One welfare change the Government has signalled it will do is removing the sanction for a solo parent to name the other parent, usually the father.

Officials told the Greens that doing so would likely reduce the number of beneficiaries who name the father, which then obliges them to make child support payments that total about $185m a year.

The Greens asked about the costs of increasing core benefits by 10 per cent ($467m for the 2019/20 year) and by 20 per cent ($893m for the 2019/20 year), and removing excessive sanctions and financial penalties for those on welfare ($34m a year).

"The removal of employment obligations and services would also be likely to reduce the number of beneficiaries exiting to employment," officials said in the papers.

In its agreement with Labour, the parties agreed to a non-specific overhaul of the welfare system and removing "excessive sanctions".

Transport officials told Labour the cost of connecting Northport to Auckland by rail would cost up to $3.5 billion and if not commercially viable, there would be "significant" ongoing costs for KiwiRail.

The coalition agreement between NZ First and Labour provides for the $1 billion a year regional development fund to be used to fund a feasibility study on options for moving the Ports of Auckland – "including giving Northport serious consideration." The fund will fall well short of what was needed to fund the Northport proposal itself if officials' costings are correct.

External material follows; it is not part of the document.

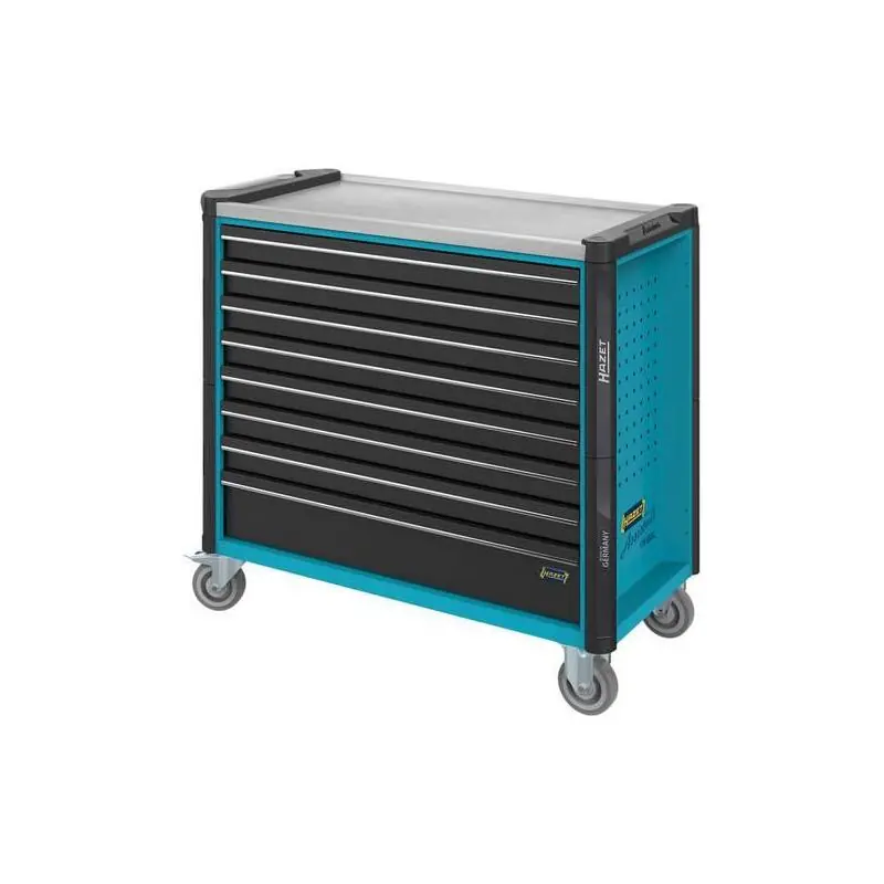 Konstrukce: Robustní konstrukce z ocelového plechu, zásuvky s vodicími lištami s kuličkovými ložisky, plným výsuvem, středovým a koncovým dorazem a také individuálním zajištěním proti nechtěnému otevření během jízdy, s funkcí samočinného zavírání . Základní výbava zahrnuje jednu dělicí desku na zásuvku. Boční panely mají čtvercovou perforaci, nástavce jsou chráněny před poškozením tím, že jsou boční panely zasunuty a umístěny v rozměrech vozíku. Centrální zamykatelná pomocí cylindrického zámku. Pracovní deska z nerezové oceli odolné proti rozpouštědlům. S velkými, odolnými, neznačícími pevnými kolečky (Ø 125 mm), 2 otočnými kolečky (Ø 125 mm) s rolovací brzdou (totální doraz) pro pevnou oporu ve všech směrech. Všechna kola jsou vybavena ochranou závitů, která chrání ložiska před nečistotami a závity. Svislá souvislá ochrana hran na všech čtyřech stranách vozidla. Povrch je opatřen práškovou barvou odolnou proti poškrábání, korpus v modré barvě Hazet, zásuvky v černé barvě.

In August Peters rejected KiwiRail estimates that upgrading Northland's rail to carry freight and adding a new 18km line to Northport from Oakleigh would cost up to $1 billion while a further $2-3 billion would have to be spent on upgrading the line from Swanson through to Auckland.

Labour requested the latest estimates during the negotiations and the Ministry of Transport responded while it was yet to be fully costed, creating the new line from Oakleigh to Northport would cost $200 million, upgrading the line from Oakleigh to Swanson $100 million and upgrading the line from Swanson through to Auckland $2-3 billion.

The officials noted that no business case of assessment of commercial viability had been done: "there is uncertainty about the extent to which any rail extension would be commercially viable. Should the investment prove not to be commercially viable, then there would be significant ongoing operational cost for KiwiRail."

National's transport spokeswoman Judith Collins said it was a huge amount of money and bucked Peters' claim during the election that it could be done for about $250 million.

"It shows when Mr Peters was talking about $250 million he must have been thinking about another century. You're looking at almost four years of Shane Jones' provincial growth fund. It's that sort of thing that means other projects just don't get built."

The cost of the new line included land purchases, junctions and a rail yard. The upgrade for Oakleigh to Swanson would require creating larger clearance through tunnels, replacing 18km of light weight rail, replacing some bridges, strengthening some sections of the rail, and upgrading the radio communications system.

It said there was a possible second option which would allow for a lesser upgrade of the existing line, but would require bespoke rolling stock and staff expertise. That had not been costed.